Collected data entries
- Opening Delimiter -
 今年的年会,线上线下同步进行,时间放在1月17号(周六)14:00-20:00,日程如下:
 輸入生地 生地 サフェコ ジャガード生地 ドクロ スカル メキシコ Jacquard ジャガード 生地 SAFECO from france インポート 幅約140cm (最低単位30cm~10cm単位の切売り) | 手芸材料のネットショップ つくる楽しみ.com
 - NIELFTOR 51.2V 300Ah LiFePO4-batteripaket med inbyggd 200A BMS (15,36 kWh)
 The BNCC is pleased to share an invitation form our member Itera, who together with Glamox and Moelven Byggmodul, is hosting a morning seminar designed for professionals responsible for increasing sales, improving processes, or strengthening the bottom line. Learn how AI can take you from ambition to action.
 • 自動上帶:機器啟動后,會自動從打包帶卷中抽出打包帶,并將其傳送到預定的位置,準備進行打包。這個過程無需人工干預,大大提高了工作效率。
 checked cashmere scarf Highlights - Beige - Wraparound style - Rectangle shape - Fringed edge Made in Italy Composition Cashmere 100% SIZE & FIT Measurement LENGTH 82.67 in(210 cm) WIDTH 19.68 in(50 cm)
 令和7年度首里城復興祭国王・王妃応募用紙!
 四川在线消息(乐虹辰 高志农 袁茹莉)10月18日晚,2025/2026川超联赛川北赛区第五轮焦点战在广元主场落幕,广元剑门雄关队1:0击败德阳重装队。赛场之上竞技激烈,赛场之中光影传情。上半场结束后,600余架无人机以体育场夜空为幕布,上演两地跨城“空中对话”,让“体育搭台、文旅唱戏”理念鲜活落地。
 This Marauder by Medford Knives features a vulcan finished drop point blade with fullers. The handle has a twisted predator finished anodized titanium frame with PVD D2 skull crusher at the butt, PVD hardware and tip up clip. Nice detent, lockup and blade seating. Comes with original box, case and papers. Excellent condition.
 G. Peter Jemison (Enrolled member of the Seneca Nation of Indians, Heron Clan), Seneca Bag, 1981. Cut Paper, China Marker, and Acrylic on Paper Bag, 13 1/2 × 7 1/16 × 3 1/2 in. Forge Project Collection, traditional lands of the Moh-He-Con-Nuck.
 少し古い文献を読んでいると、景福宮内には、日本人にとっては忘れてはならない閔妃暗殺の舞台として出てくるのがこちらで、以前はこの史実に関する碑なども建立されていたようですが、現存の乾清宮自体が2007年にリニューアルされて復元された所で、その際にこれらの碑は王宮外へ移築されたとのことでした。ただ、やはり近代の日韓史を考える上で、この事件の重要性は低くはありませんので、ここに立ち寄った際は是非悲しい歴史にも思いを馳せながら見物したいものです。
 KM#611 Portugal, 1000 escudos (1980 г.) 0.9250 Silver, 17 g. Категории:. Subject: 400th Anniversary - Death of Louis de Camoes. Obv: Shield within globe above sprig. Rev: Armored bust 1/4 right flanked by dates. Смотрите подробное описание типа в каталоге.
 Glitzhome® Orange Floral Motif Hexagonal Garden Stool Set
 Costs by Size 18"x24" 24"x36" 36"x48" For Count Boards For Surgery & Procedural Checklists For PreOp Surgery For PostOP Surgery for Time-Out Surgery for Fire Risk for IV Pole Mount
- Closing Delimiter -
◆ Work to complete ◆
Report the number of lines in the entries where the word "from" occurs, and add nothing else.

◆ Response to this task ◆
2